# stunning Brenta - Ortles brevet (363 km + 8088 m) - best of video



## gyorgyigabor (29 Nov 2015)

Hello !
I'm happy to present my cycling video about the italian *permanent brevet Brenta - Ortles (officially 363 km + 8088 m). *Time to finish: 34 hours.
*It's route is wonderful and challenging (with legendary Giro d'Italia climbs):*
Pietramurata - *Molveno - Passo Palade (1518 m)* - Merano - *Passo dello Stelvio (2760 m)* -landslide on the descent - Bormio - *Passo di Gavia (2621 m)* - Ponte di Legno - *Passo del Tonale (1883 m) *- Dimaro - *Passo Campo Carlo Magno (1682 m)* - Stenico - Pietramurata.
I loved it very much and beside it was adventurous because on the Stelvio descent I had to climb through rocks because *serious landslides* caused by a strom.

During the winter I will edit a longer, ca. 40 minutes long video too and in few weeks time I will share a ca. 2 pages long travelogue about it.
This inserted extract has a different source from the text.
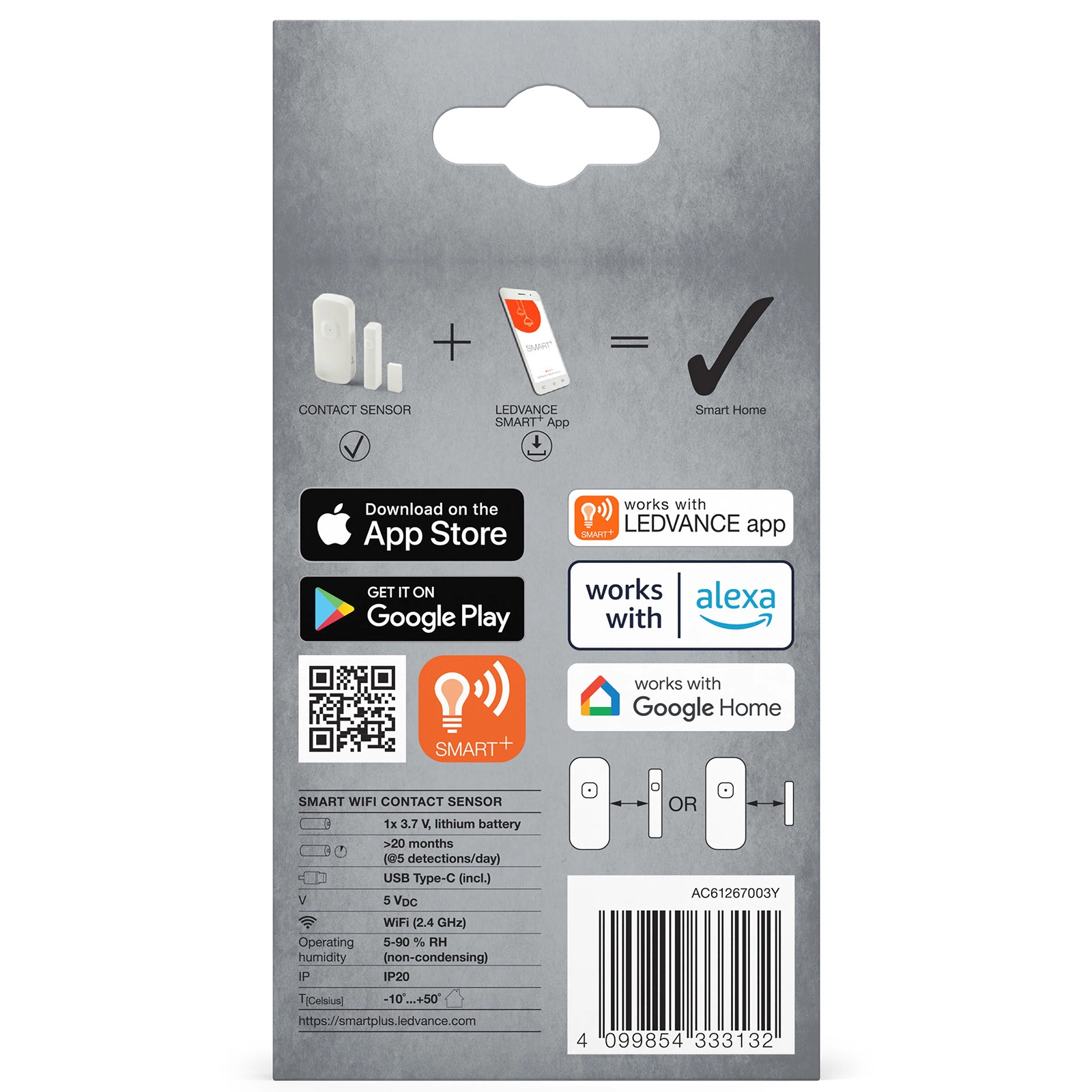 LEDVANCE SMART+ WiFi Contact Sensor to inteligentny czujnik, który monitoruje status otwarcia i zamknięcia drzwi oraz okien, zwiększając bezpieczeństwo domu. Łączy się bezprzewodowo z siecią WiFi, umożliwiając integrację z systemem smart home i sterowanie innymi urządzeniami poprzez aplikację LEDVANCE SMART+. Dzięki funkcji powiadomień użytkownik może na bieżąco otrzymywać alerty na smartfona w przypadku otwarcia zabezpieczonego punktu. Czujnik jest łatwy w montażu dzięki taśmie samoprzylepnej i elastycznym opcjom instalacji. Idealne rozwiązanie dla osób, które chcą zwiększyć kontrolę nad dostępem do swojego domu.
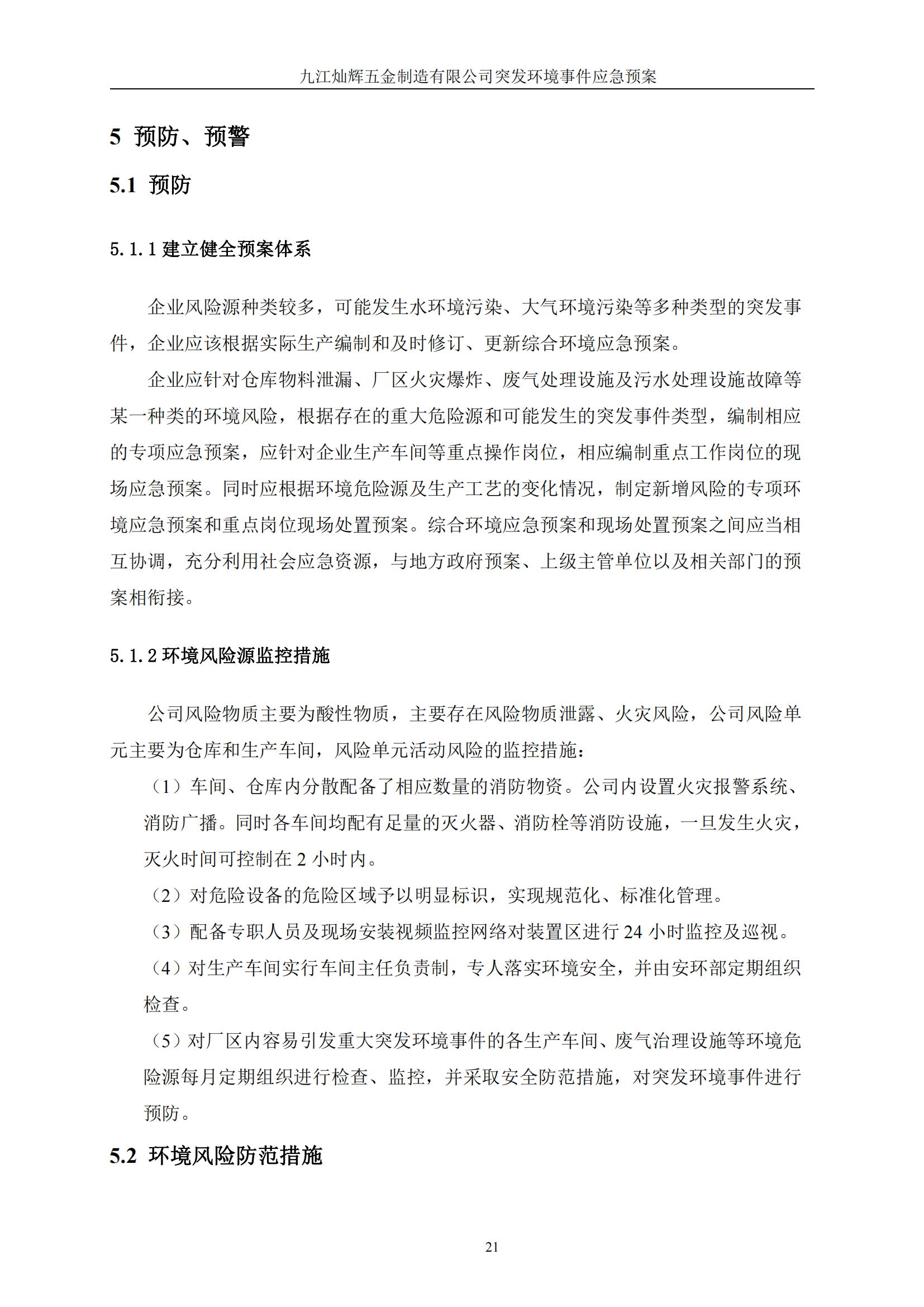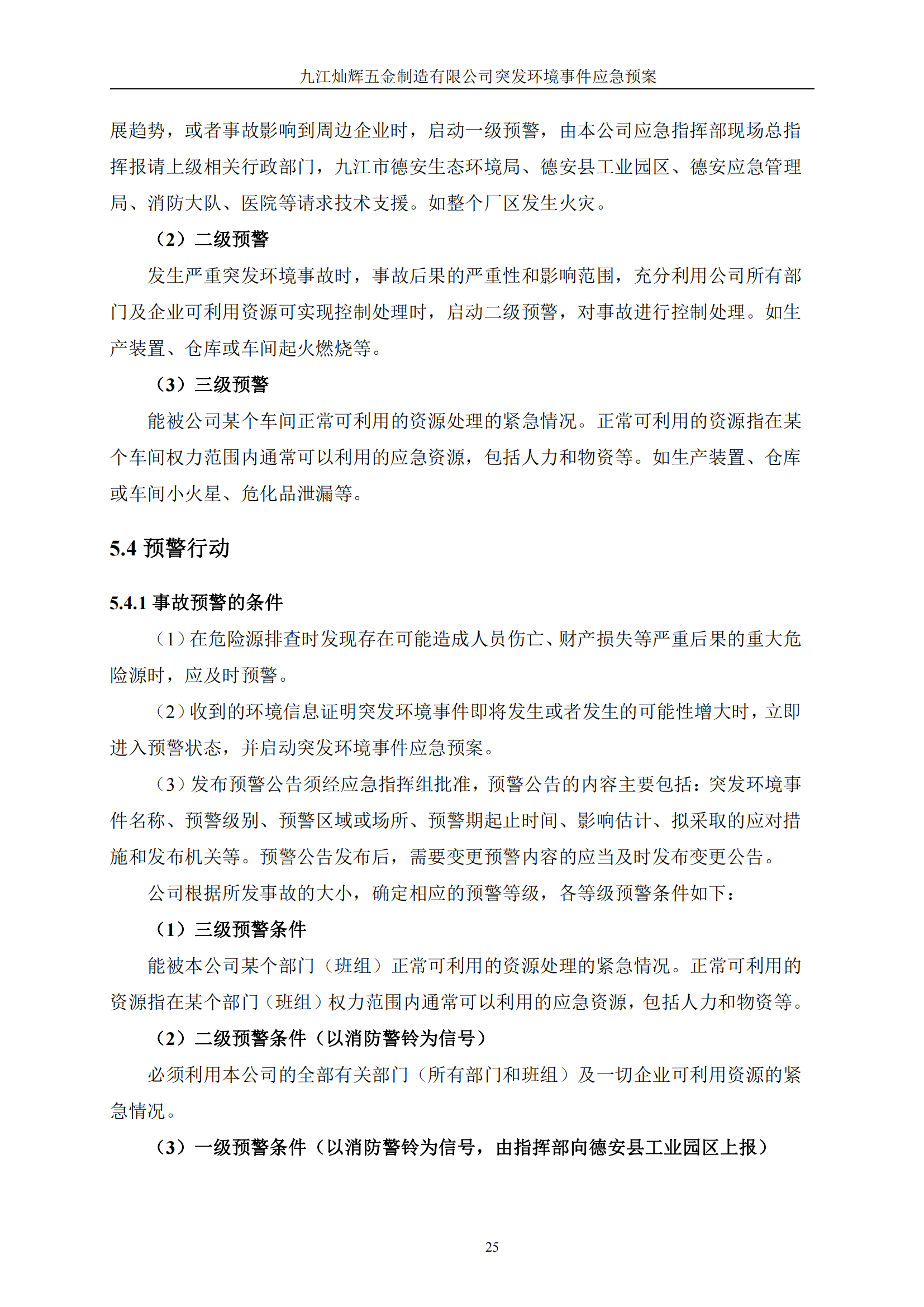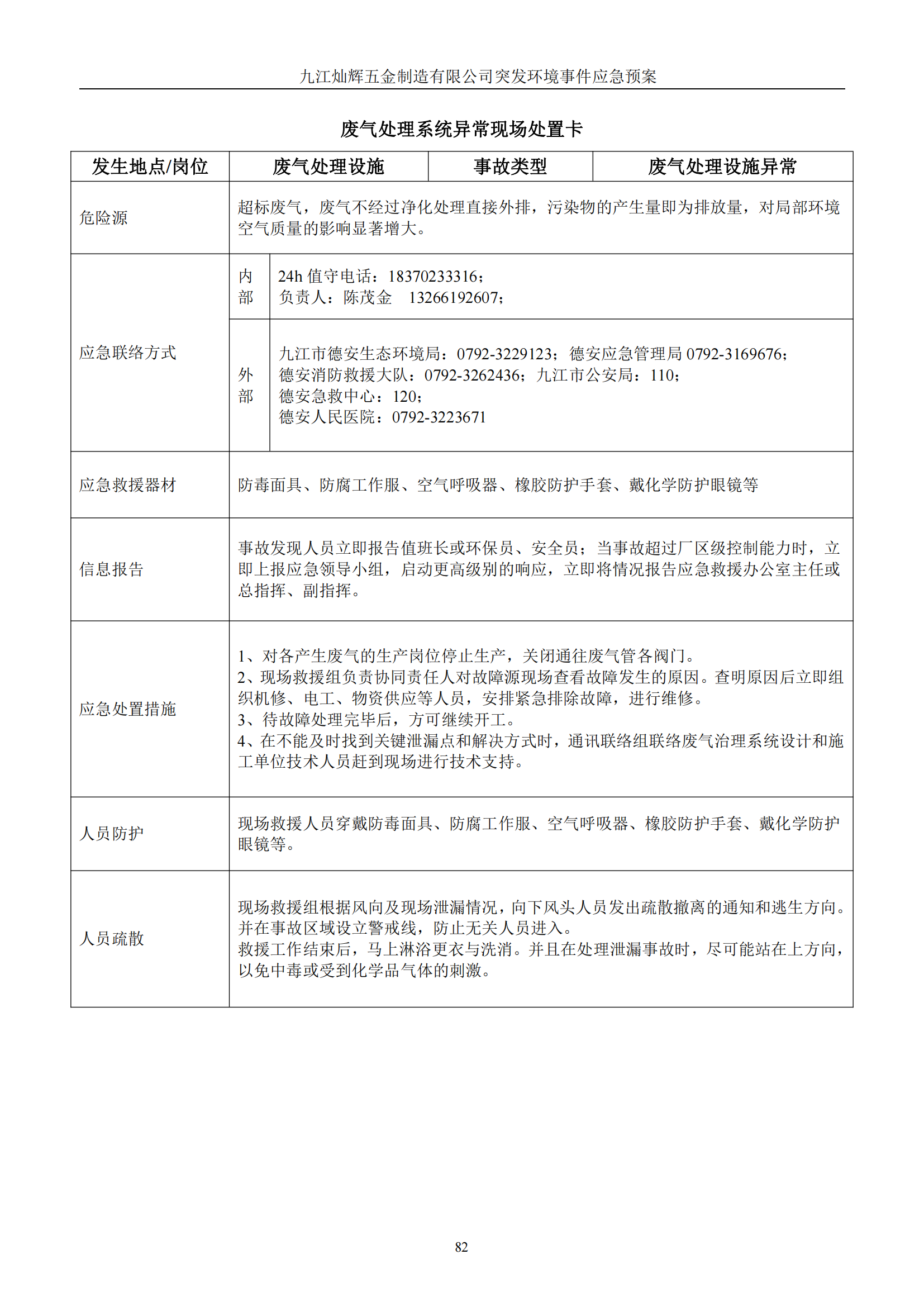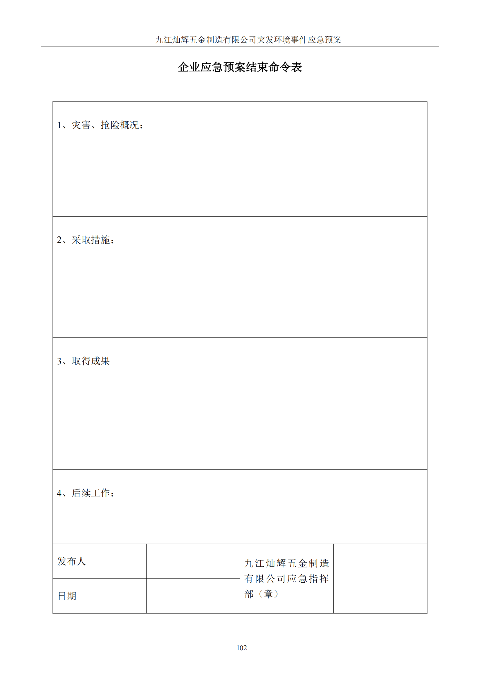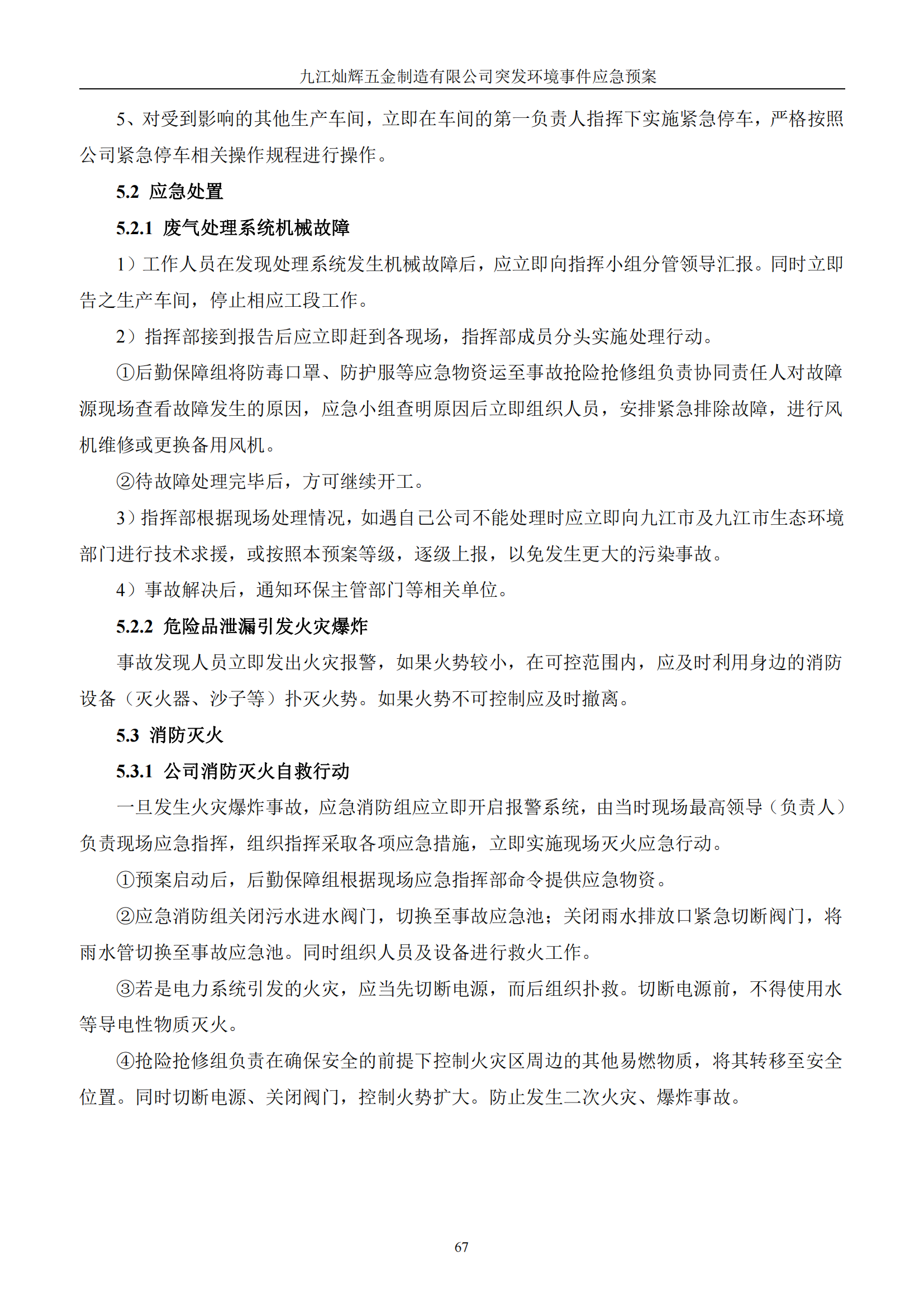 九江灿辉五金制造有限公司应急预案

I can truely suggest riding this wonderful challenge or parts of the route !

Thanks for watching and I'm hope (almost sure) to like it !
Gábor


----------



## steveindenmark (1 Dec 2015)

Excellent and congratulations


----------



## gyorgyigabor (29 Dec 2015)

Thank You ! 


steveindenmark said:


> Excellent and congratulations


----------